The black circles represent a data set from a typical scale-free network. All points lie on or close to the blue line, which is the graph of a function of the form ax-k. The degree distribution adheres to a power law.

The graph of a scale-free network, however, adheres to what is called a power law: it approximates the graph of a function of the form f(x)=ax-k, where a and k are constant. In most real-life examples, k lies somewhere between 1 and 3. In this case there is no peak around the average degree, rather the graph slopes steeply downward as the degree grows: there are a large number of nodes with very few connections dominated by fewer extremely well-connected ones.

But why are so many real-world networks scale-free? In some cases, the answer seems obvious. If you're building a new railway line, for example, it makes sense to connect up with cities that are already well-connected. If you're at a party, you're more likely to get chatting to someone who is clearly sociable, rather than to a loner sitting in a corner. As the network evolves, well-connected nodes become better-connected and badly-connected ones remain badly-connected.

There is a simple way of mathematically simulating this phenomenon, which is called preferential attachment. Start with a network of two nodes and add new nodes one by one. Whenever a new node comes along, it makes a random choice as to which existing nodes to link up with, but the randomness is biased in favour of well-connected nodes: the higher the degree of an existing node n, the higher the probability that a new node will attach itself to n. Networks that evolve according to this mathematical rule adhere to a power law and are remarkably good at simulating real-life networks.

Two different networks

In the network on the left the probability of a new node linking to an existing node is the same for all nodes. Each node here has roughly the same degree. The network on the right is a scale-free network. Here three highly-connected nodes dominate. Image taken from Wikipedia, reproduced under the GNU Free Documentation License.

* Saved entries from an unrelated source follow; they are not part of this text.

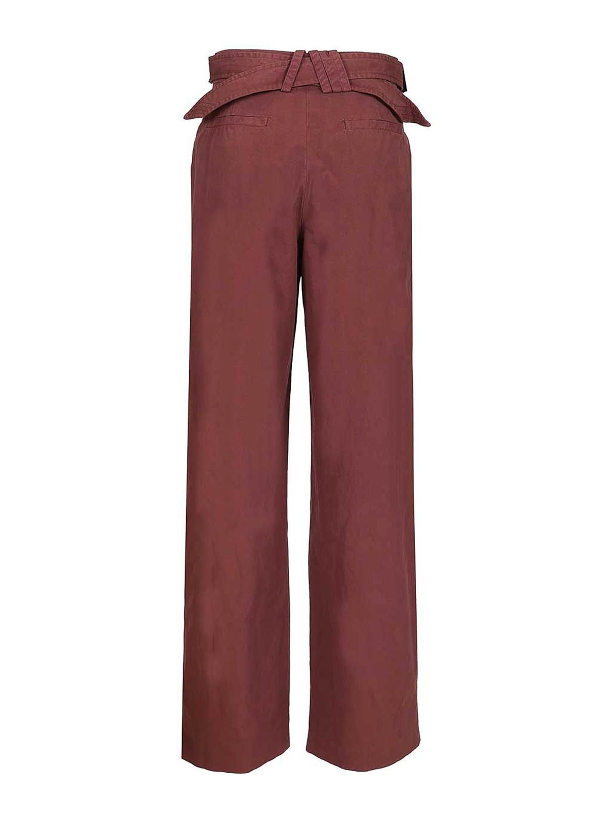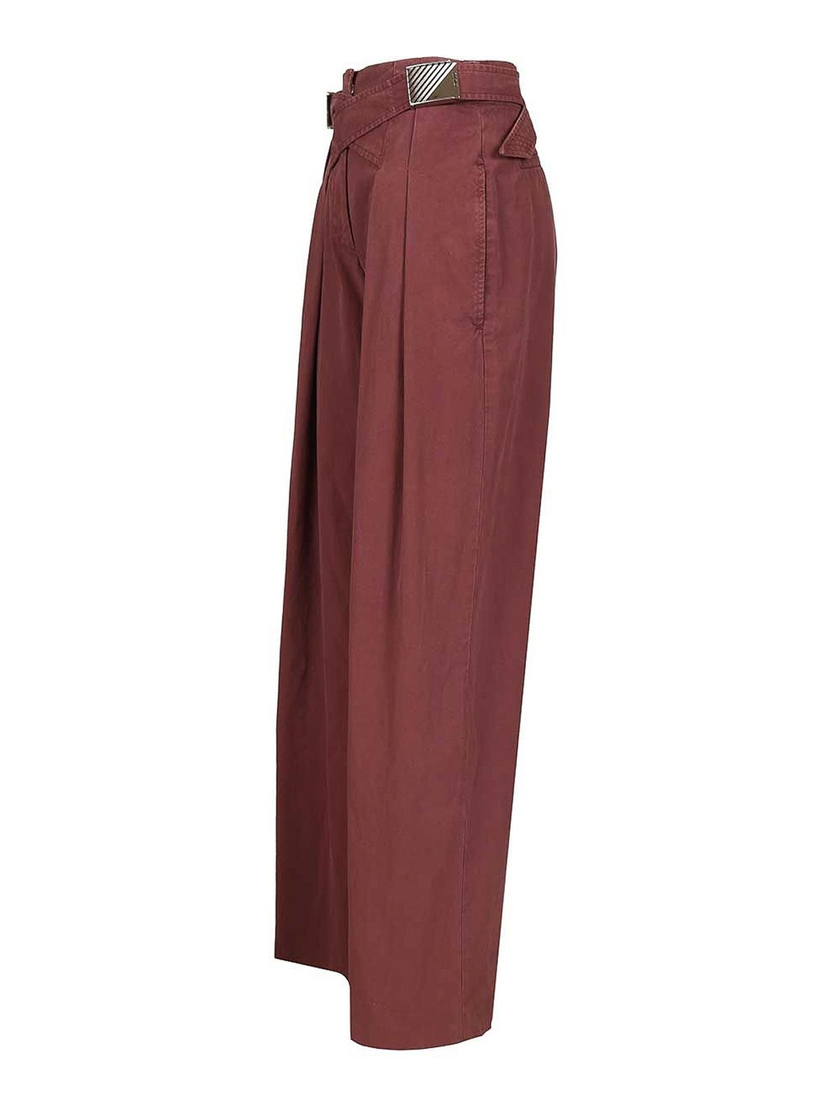 アッティコのキャンバスパンツはワイドで、ストレートレッグのワイドプリーツはウエストから始まり、脚にはバンドが付いており、ズボンの後ろで閉じるクロスベルトが付いています。ベルトのバックルは長方形です。
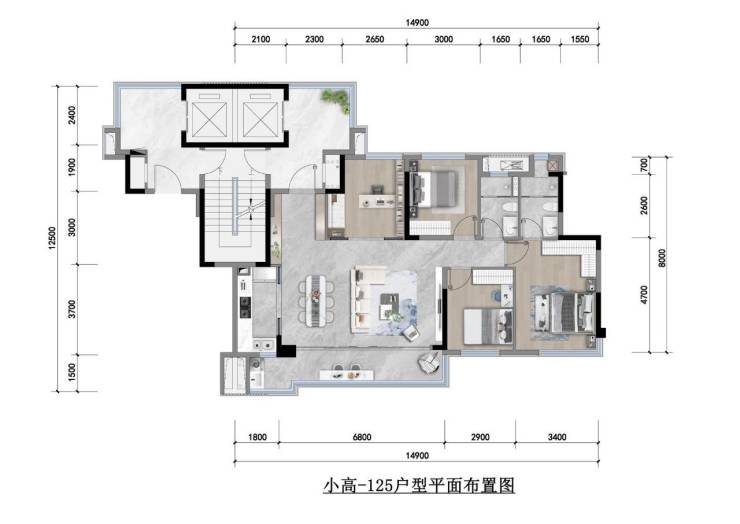 户型面积:125-143㎡阔景四居平层,190-210㎡城市叠院别墅
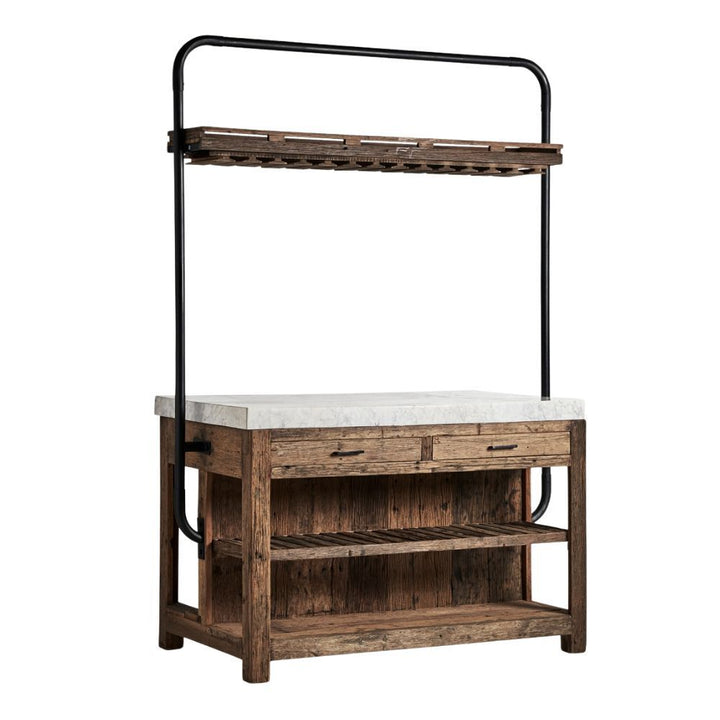Mobile Bar Industriale con Bancone in Legno e Marmo
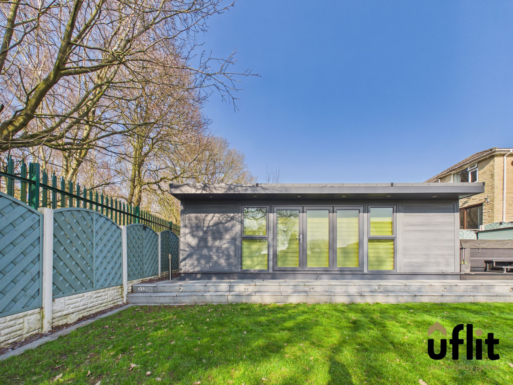 A substantial summerhouse positioned within the rear garden, currently utilised as a home gym. This versatile space offers excellent potential for a variety of uses including a studio, office, relaxation space or entertaining area.
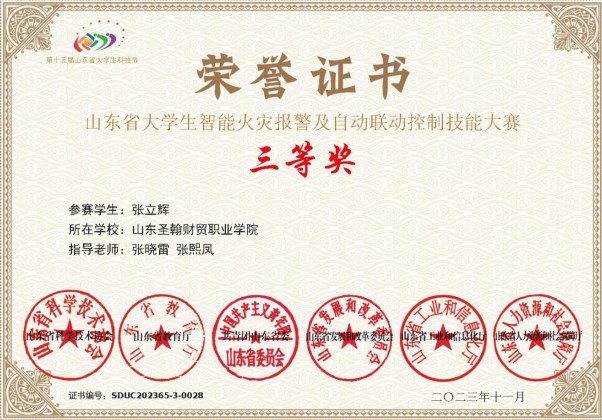 10月21日,第十五届山东省大学生科技节智能火灾报警及自动联动控制技能大赛圆满落下帷幕,山东圣翰财贸职业学院智能工学院参赛选手张立辉在智能工学院指导教师张晓雷、张熙凤的指导下,荣获省级三等奖,实现建筑消防技术专业的历史性突破。
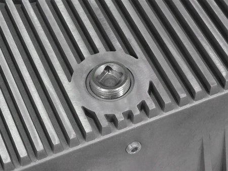 aFe Powers new deep transmission pan brings performance engineering to the protection of your trucks transmission. This transmission pan has additional capacity for 3 to 4 more quarts over stock at the factory line, a magnetic drain plug and a 1/8" NPT port for your temperature sensor. Built-in internal and external fins transfer heat from the fluid to the outside air for maximum cooling. T his transmission pan is constructed out of durable die-cast A380 aluminum with reinforced ribs and a wrinkle black powder-coating for maximum strength and styling.
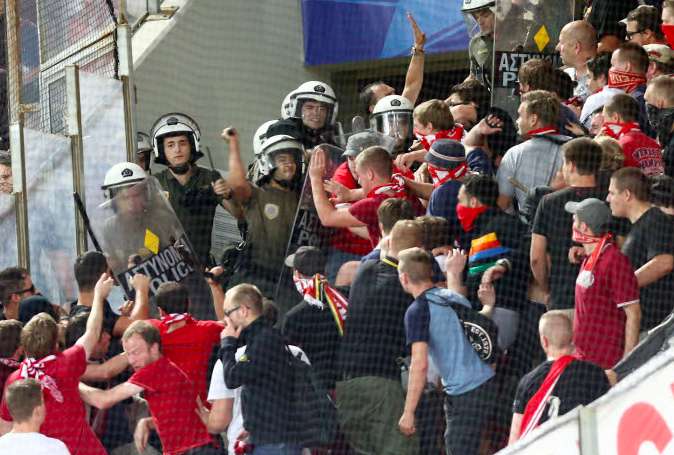 Une heure avant le match, la police grecque a réprimé à coups de matraque les Allemands situés dans le parcage visiteurs. La chaîne allemande Sport1 rapporte que les policiers ont réagi de manière « disproportionnée » à la suite de quelques provocations des fans du Bayern à l’encontre de leurs homologues de l’Olympiakos.
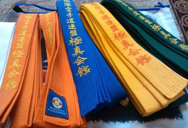 Как и в большинстве воинских искусств Японии, в киокушинкай карате различают ученические (кю) и мастерские (даны) степени. В киокушинкай десять кю (от 10-го до 1-го) и десять данов (от 1-го до 10-го). Каждой степени соответствует пояс определённого цвета с одной или несколькими поперечными полосками (или без них), нашитыми на правый конец пояса. Данам соответствует чёрный пояс. На него нашиваются жёлтые (золотые) полоски, число которых соответствует дану (от 1-го до 9-го). Десятому дану соответствует красный пояс. Система цветности ученических поясов отличается от системы цветности в других стилях и школах и имеет более глубокое значение, чем переход от светлого цвета к тёмному при увеличении степени. Цвета ученических поясов объединены в пять групп, имеющих один цвет, на пояс, соответствующий более старшему кю, нашивается полоска цвета более старшей группы (исключение — пояс 1-го кю имеет жёлтую полоску, хотя можно увидеть и чёрную). Также в некоторых школах 10-9 кю соотв

If you think again, though, you might come to the conclusion that something more subtle must be at work here. It may be advantageous for a new node to connect to well-connected existing nodes, but there are often other factors to take into account — you might want to build your railway line to connect directly to a big city, but if this is too expensive, you go for a medium-sized town. The network theory world thus split into two camps: those who think that preferential attachment should be viewed as the fundamental driving force of network evolution, and those that favour optimisation, in other words a careful balancing of various factors.

And this is where the new work, led by Raissa D'Souza from the University of California, comes in. Her team developed a mathematical model based on optimisation. Whenever a new node comes along, the decision of what existing nodes to link up to is not governed by a probability distribution, but by a cost function which for each existing node calculates the cost of attaching to it. A new node then links up with the existing node that minimises the cost function.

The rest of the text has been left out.